An important consideration when doing this is that in Sitecore the links will still show as /en-us, for example in the analytics.

Inbound rule: to make sure /english and anything after it gets send to /en-us on the same path, e.g. /english/products will go to /en-us/products:

<rewrite>
	<rules>
		<rule name="Englist to en-us">
			<match url="^english/(.*)" />
			<action type="Rewrite" url="en-us/{R:1}" />
		</rule>
	</rules>
</rewrite>

Outbound rule: to make sure any link in an anchor text gets “en-us” replaced with “english”. Depending on your setup more rules might be required to update the links in other places:

<rewrite>            
	<outboundRules>
		<rule name="Update en-us to english in anchor">
			<match filterByTags="A" pattern="^/en-us/(.*)" />
			<action type="Rewrite" value="/english/{R:1}" />
		</rule>
	</outboundRules>
</rewrite>

Option 4: Redirect through IIS Rewrite module

Some redirects rarely change and therefore are not managed by content authors, for example a redirect from http to https, to lowercase URLs or to enforce a trailing slash. In such cases it makes sense to have the redirects in IIS as it is acceptable to update these only with a deployment. Another advantage of doing this through IIS is that the request never hits Sitecore, it gets redirected straight from IIS which is more efficient. Below is a sample IIS redirect which redirect from http to https:

<rule name="Redirect to HTTPS" patternSyntax="Wildcard" stopProcessing="true">
	<match url="*" ignoreCase="true" negate="false" />
	<conditions logicalGrouping="MatchAny" trackAllCaptures="false">
	  <add input="{HTTPS}" ignoreCase="true" matchType="Pattern" negate="false" pattern="OFF" />
	</conditions>
	<action type="Redirect" url="https://{HTTP_HOST}{REQUEST_URI}" appendQueryString="false" redirectType="Permanent" />
</rule>

Option 5: Custom Sitecore processors

Sometimes there is a need to do something similar to a rewrite (option 3), but it cannot be done with the rewrite module because it requires information from the Sitecore context. In this case perhaps the OOTB item resolution logic does not resolve the desired item or a different context language or site needs to be set. Before getting into more detail here are some common use cases:

  • Sitecore’s language or site resolution logic does not meet the requirements. For example the language does not need to come from the URL but from the Sitecore IP Geolocation service.
  • A Single Page Application (SPA) is used which uses push-state. In this case it is common to want to deep link into these push state route. For example the SPA could live in mycompany.com/myspa, with myspa being the Sitecore item. There could be a route like /myspa/filter/category1. Sitecore would try to resolve an item under that path but it is not there so it would return a 404. In this case the Sitecore ItemResolver can be customized to still resolve the correct item. An more detailed approach for this can be found here

In these cases the correct Sitecore processor needs to be updated. Below are the 3 most common processors which need to be updated. They are all part of the HttpRequestBegin pipeline:

  • Sitecore.Pipelines.HttpRequest.SiteResolver: as the name suggests this processor resolves the site from the context. This processor serves as a good starting point to adjust the resolution of the context site.
  • Sitecore.Pipelines.HttpRequest.LanguageResolver: the language resolver determines the correct language based on the context. The default Sitecore language resolution can put some constraints on the URL structure as the language needs to match a culture. Often business wants user friendly language in the URL like English, Spanish, French etc. In these cases customizing the language resolver can be a good option.
  • Sitecore.Pipelines.HttpRequest.ItemResolver: this resolves the context item in Sitecore and might be the most customized processor in Sitecore to solve a variety of different issues. There are even some popular modules that customize this like the wildcard module

Updating Sitecore processors can be tricky as they can also run outside the scope of your solution, for example when a user logs into Sitecore CMS (/sitecore/login). If possible it is a good idea to keep the existing logic as is, but run additional code in case the existing resolution fails because the custom solution requirements are different.
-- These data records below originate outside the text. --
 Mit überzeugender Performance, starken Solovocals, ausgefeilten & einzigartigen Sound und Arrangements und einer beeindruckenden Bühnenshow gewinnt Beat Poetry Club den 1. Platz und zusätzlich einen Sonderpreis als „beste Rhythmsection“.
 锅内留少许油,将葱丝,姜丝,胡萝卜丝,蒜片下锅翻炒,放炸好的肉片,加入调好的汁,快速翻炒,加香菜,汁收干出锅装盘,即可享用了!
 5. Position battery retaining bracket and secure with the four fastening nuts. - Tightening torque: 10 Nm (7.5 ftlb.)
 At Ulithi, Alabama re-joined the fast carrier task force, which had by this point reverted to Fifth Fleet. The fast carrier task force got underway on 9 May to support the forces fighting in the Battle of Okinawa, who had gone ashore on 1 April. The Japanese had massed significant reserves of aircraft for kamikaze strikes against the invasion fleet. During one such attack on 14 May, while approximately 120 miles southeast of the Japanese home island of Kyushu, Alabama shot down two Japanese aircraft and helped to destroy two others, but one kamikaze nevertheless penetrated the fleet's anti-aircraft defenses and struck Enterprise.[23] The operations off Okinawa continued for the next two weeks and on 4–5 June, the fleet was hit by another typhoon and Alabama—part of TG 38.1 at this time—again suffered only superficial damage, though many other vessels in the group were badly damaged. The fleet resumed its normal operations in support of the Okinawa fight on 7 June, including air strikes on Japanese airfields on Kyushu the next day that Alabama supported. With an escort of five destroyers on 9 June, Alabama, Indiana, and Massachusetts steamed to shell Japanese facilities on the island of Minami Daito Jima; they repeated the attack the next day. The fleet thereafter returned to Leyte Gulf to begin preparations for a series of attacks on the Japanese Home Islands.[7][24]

Updating these processors will ensure Sitecore handles incoming requests correctly, however the links Sitecore generates to other pages will not take this logic into account. To ensure these links work correctly there are 2 options:

  • Put in a redirect to send the links to the correct location
  • Override Sitecore’s logic to generate links by putting in a custom link provider or a custom renderfield pipeline

Option 6: Sitecore Redirect Module

In many cases the content authors need to manage redirects along with other content updates they make in Sitecore. In these cases it is recommended to manage the redirects in Sitecore content as well. There are a variety of Sitecore modules which can help with redirects and SXA also has a redirect module.
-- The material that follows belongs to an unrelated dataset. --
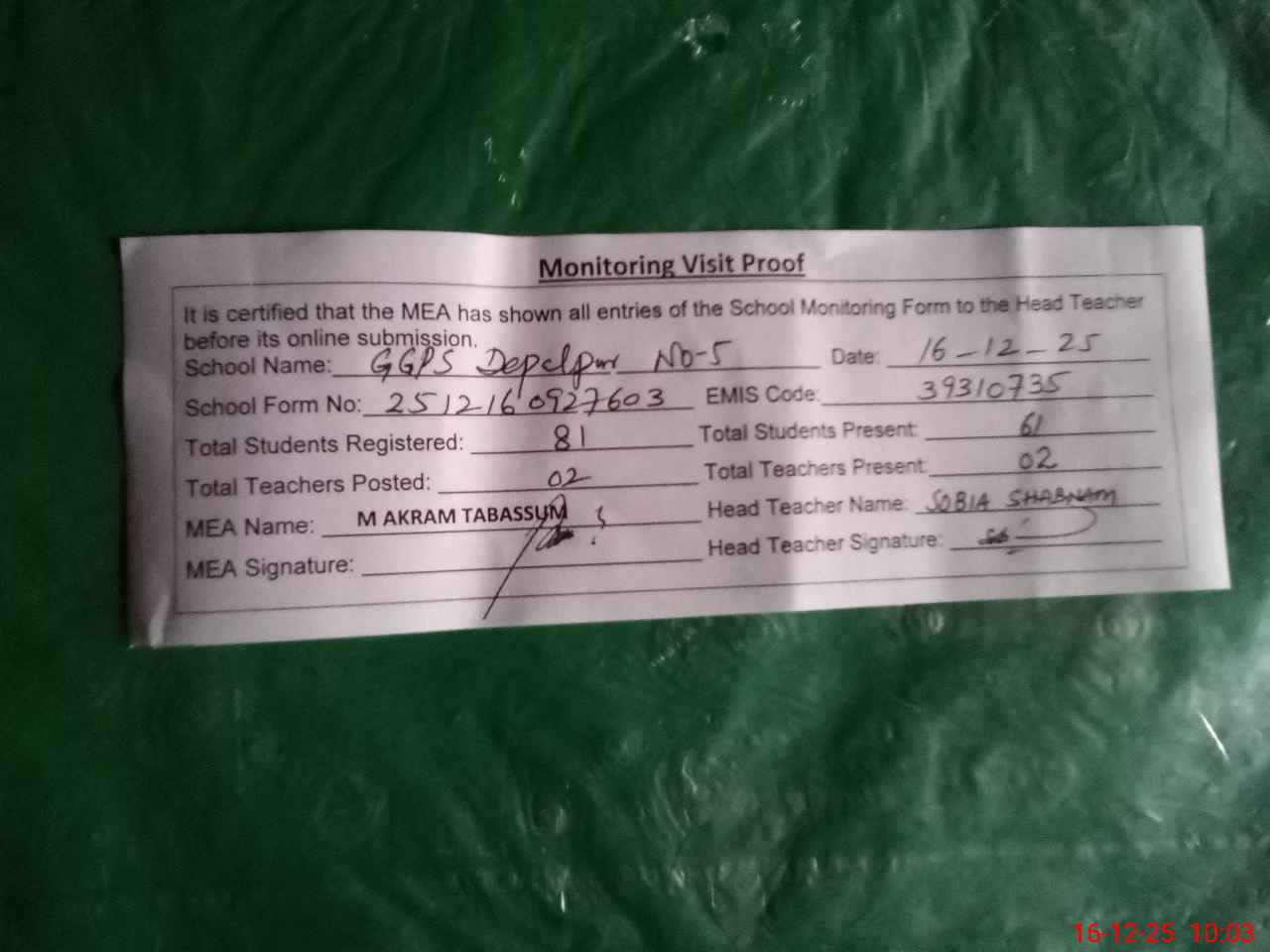 | EMIS Code: 39310735 | Name of School: GGPS NO 5 DEPALPUR | |||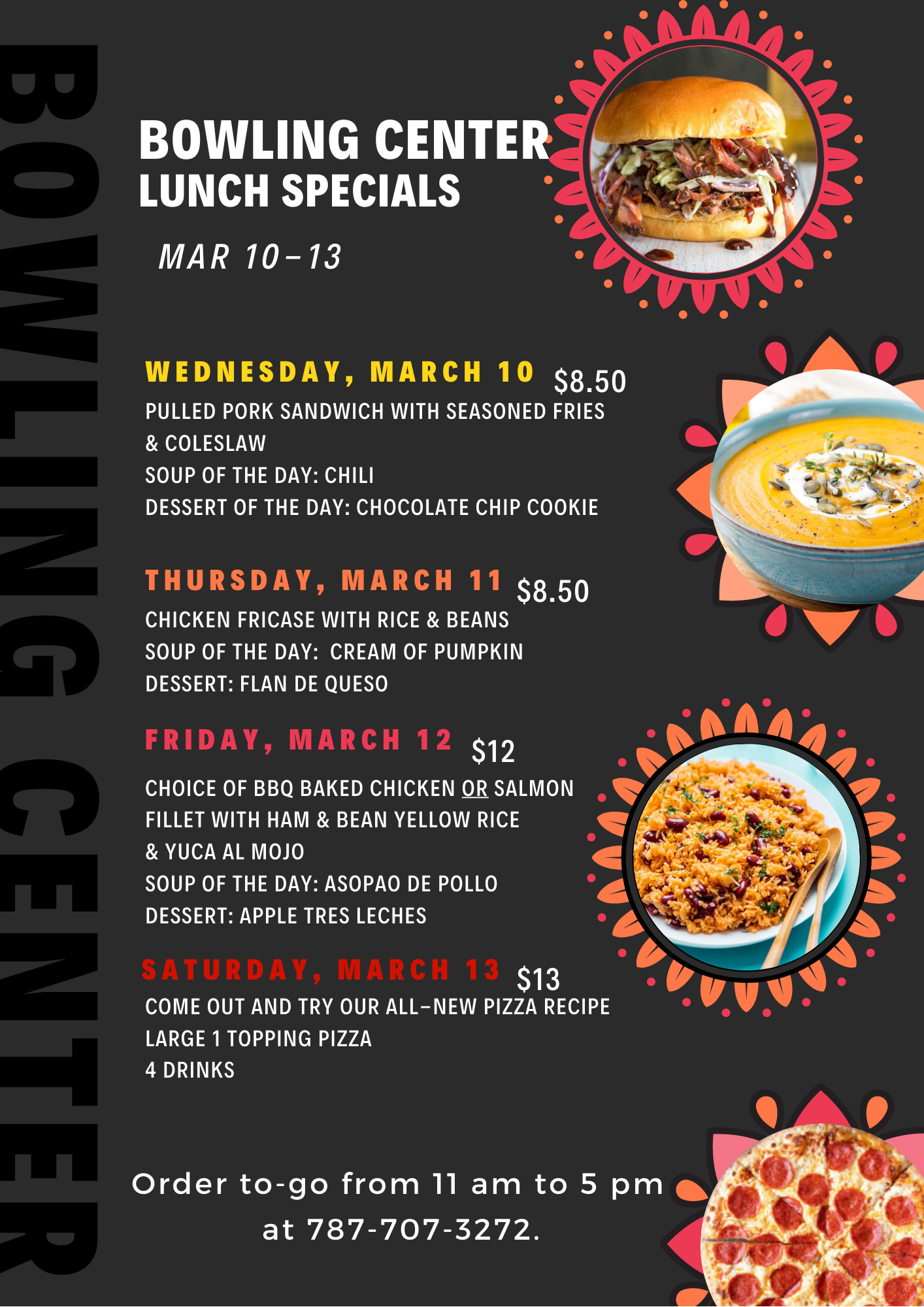 Bowling Center Lunch Specials March 3 to 6

Check Redis connectivity inside heartbeat.aspx health check

Getting your health check right is important when designing a highly available and elastic Sitecore solution. For years Sitecore comes with an builtin health check page at /sitecore/service/heartbeat.aspx which checks the status of the the SQL databases. This can be used for a load balancer or docker health check. A few quick notes on the heartbeat.aspx:

  • In some versions of Sitecore the heartbeat.aspx will throw an error, and you will have to exclude some connection strings from it as described in a different article on this blog
  • Starting in Sitecore 9.3 a new health check mechanism is used based on the Microsoft.Extensions.Diagnostics.HealthChecks namespace. Here is a great article describing how to customize this. The same code from below can be used in the updated health check mechanism.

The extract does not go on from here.